Cats and Dogs

The dog is hesitating. He has just bombed down the stairs, screeched towards the door with clicking claws and when I open it wide in front of his nose, he comes to a full stop.

He is looking up and down the road, first left, then right. His nose takes a deep breath, sucking in all the information outside: it hasn’t rained for quite a while. Now the rain has washed out a slippery substance from the tarmac and the cars go by with a smacking sound.

The smell of dust baked in a long week of heat and sunshine and then dissolved into heavy and fresh rain is right in front of his nose, I can almost see it hovering there. All the energy that threw him down the stairs has been shoved into the tip of his nose and stops him like a cartoon character.

Normally he would run out the door, looking over his hairy shoulder after 20 meters to make sure I was following him heading for the park.

Not now.

He looks at me sceptically, still standing in the open doorway.
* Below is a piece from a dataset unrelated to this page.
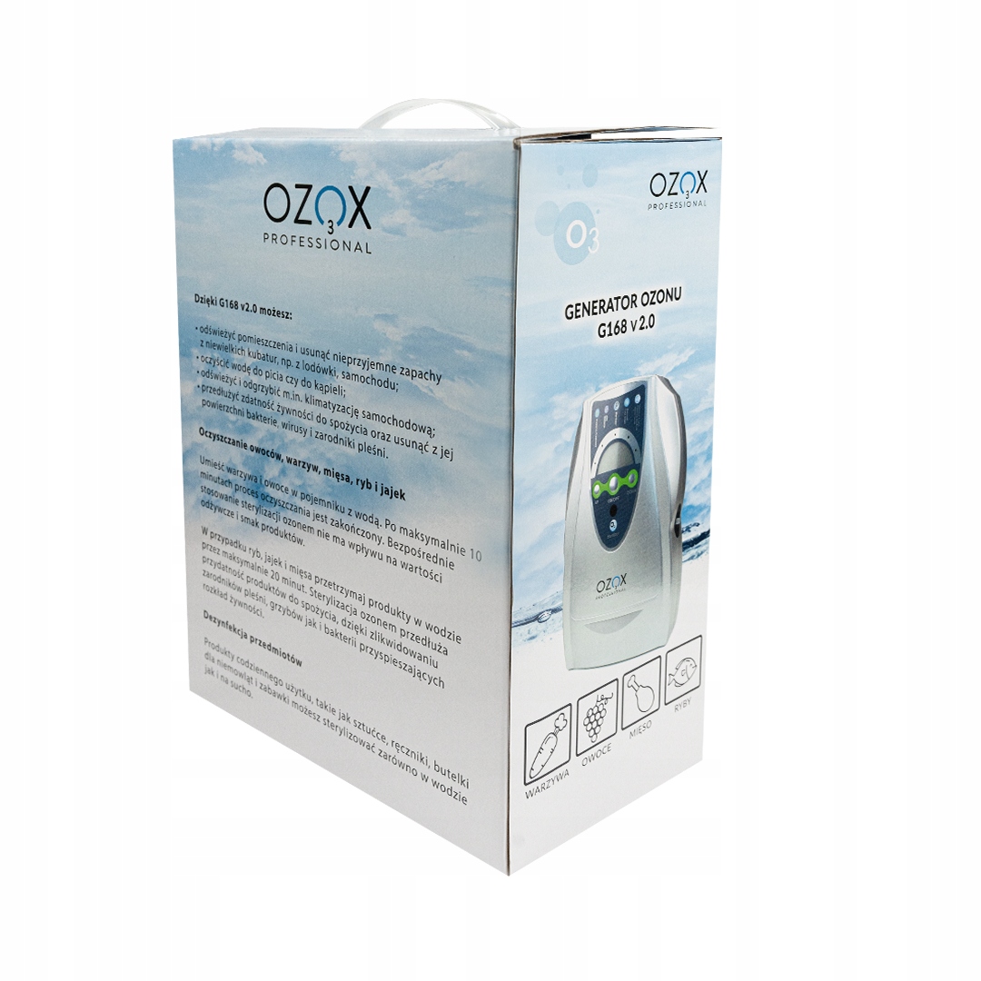 Модель OZOX G168 использует эффект коронного разряда для производства озона. Используемая технология на основе металлического баллона обеспечивает постоянную эффективность озона. Устройство имеет встроенный вентилятор, обеспечивающий эффективное охлаждение – время непрерывной работы: около 4 часов. Модель G168 имеет встроенный таймер с возможностью установки времени работы озонатора: 0-60 минут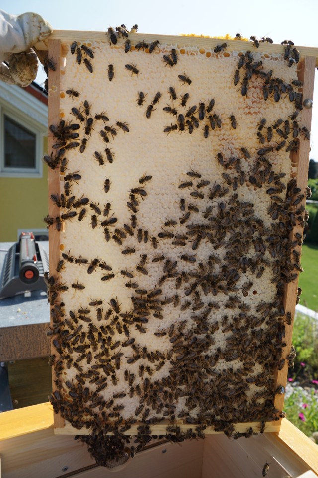 Irgendwann waren dann endlich fast alle drin, und ich fuhr mit einer richtig schweren Schwarmkiste nach Hause:

Dogs are rarely ambivalent. Decisions in the dog-world are being made within seconds, sniffing, running, eating, barking, escaping, fighting, racing after a cat.
A dog will only be sceptical in the rain. Even when we walk towards the park, finally, he hunches his shoulders as if he could avoid getting wet. He looks grumpy. Rain makes him hesitant. He hesitates, dithers, thinks. A thinking dog in the rain.